U17 Dünya Şampiyonası bugün itibariyle Zaragoza’da başladı. U17 Milliler de günün son karşılaşmasına çıktı ve Mısır ile kozlarını paylaştı. İkinci yarıda müthiş bir oyun ortaya koyan Milliler, sahadan 71-61 galip ayrıldı ve turnuvaya galibiyet ile başladı.
Maça Eray Akyüz, Onuralp Bitim, Muhaymin Mustafa, Çağatay Afşar ve Ahmet Can Duran beşi ile başladık. Ancak karşılaşmanın başında bizi bir kabus bekliyordu. Oyuna hiç iyi başlayamadık. Sanırım Mısır takımını biraz hafife aldık ve bunun bedelini de çok ağır ödedik. Mısır, geçiş hücumlarında çok etkili oldu. Biz ise hücumda hiç organize olamadık. Denediğimiz atışların hemen hemen hepsi düzendışıydı ve Mısır’a istediği pozisyonları verdik. İlk beş dakikayı 15-2 önde tamamlayan takım Mısır oldu ve mola Millilerden geldi. Kabustan uyanmak için bir fırsattı bu mola. Ancak yine öyle olmadı. Fastbreakler, fastbreakler, fastbreakler… Mısır takımından Tarık Raafat bu çeyrekte potamıza tam 14 sayı bıraktı ve bizi çok zor durumlara soktu. Alınan ikinci molanın ardından hücumda biraz olsun toparlandık ancak savunmadaki sorunlarımız devam etti ve çeyreği 27-8 geride tamamladık.
Maçın ikinci çeyreğine çok daha iyi başladığımızı söyleyebilirim. Özellikle hücumda bir karakter koymamız gerekiyordu. Nitekim de Anadolu Efes oyuncusu olan Yiğitcan Saybir ve Banvitli Erkin Şenel ile birlikte sayılar ürettik. Yakaladığımız 7-0’lık serinin ardından Mısır’ın molası geldi. Molanın ardından Mısır oyuna çok dengeli döndü. Oyunun kontrolünü tekrar ellerine aldılar. Biz ise sadece Berke Atar ile ayakta kaldık. Bu jenerasyonun önemli potansiyelleri arasında gösterilen Berke, ribaundlarındaki etkinliğinin yanında hücumda da bizi taşıdı ve sahaya karakter koydu. Dışarıdan da TOFAŞ oyuncusu olan Mert Konuk’u bulmamız, oyunu açmamızı sağladı ve farkı tek hanelere kadar indirmeyi başardık. Soyunma odasına 38-29 önde giden taraf Mısır oldu ancak kendimize yavaş yavaş gelmeye başlamıştık.

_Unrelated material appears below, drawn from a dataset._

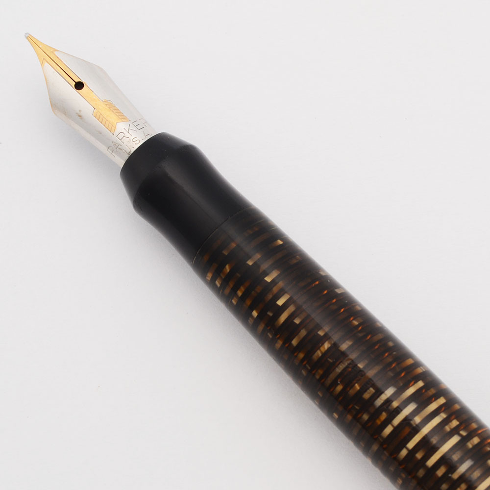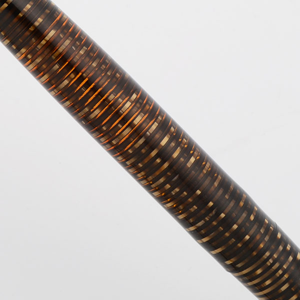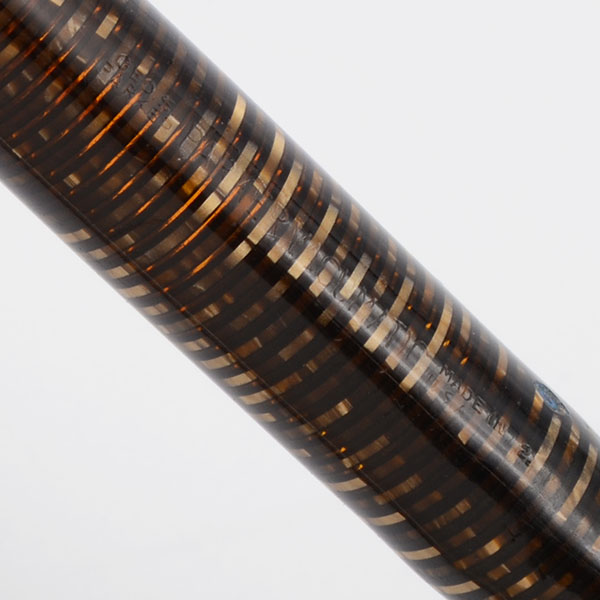 Color Golden Pearl w/black section. It has alternating brown pearl bands and semi-transparent amber bands. Blue diamond near the end of the top portion of the pen.

Beklenen atağı üçüncü çeyrek itibariyle yaptık aslında. İlk yarıda istediği oyunu sahaya yansıtamayan ve 9’da 1 ile mücadele eden Muhaymin, dışarıdan bulduğu üçlük ile takımımızı tamamen havaya soktu. Hemen ardından da Ragıp Berke Atar’ın basketfaulü ile farkı iyice azalttık. Ahmet Can Duran’ın hakkını vermek lazım. Berke’ye muazzam bir asist yaptı. Aynı şekilde ilk yarıda da Berke’ye çok iyi bir asist yapmıştı. Çağatay Afşar’ı da devreye sokan Milliler, skorda ilk kez öne geçmeyi başardı ve Mısır’ın molası geldi. Dakikalar ilerledikçe de oyunun kontrolü tamamen bizim elimize geldi. Mert Konuk, dışarıdan takımımızı taşıdı ve çaldığı toplarla fastbreaklerde etkili oldu. Periyodun son bölümünde de ritmini henüz bulamayan Onuralp Bitim’i devreye soktuk. Onuralp, son zamanlarda ciddi eleştirilere maruz kalmıştı. Ancak üçüncü çeyreğin son bölümünde ve dördüncü çeyreğin ilk bölümünde kendi oyununu sahaya yansıtmayı başardı.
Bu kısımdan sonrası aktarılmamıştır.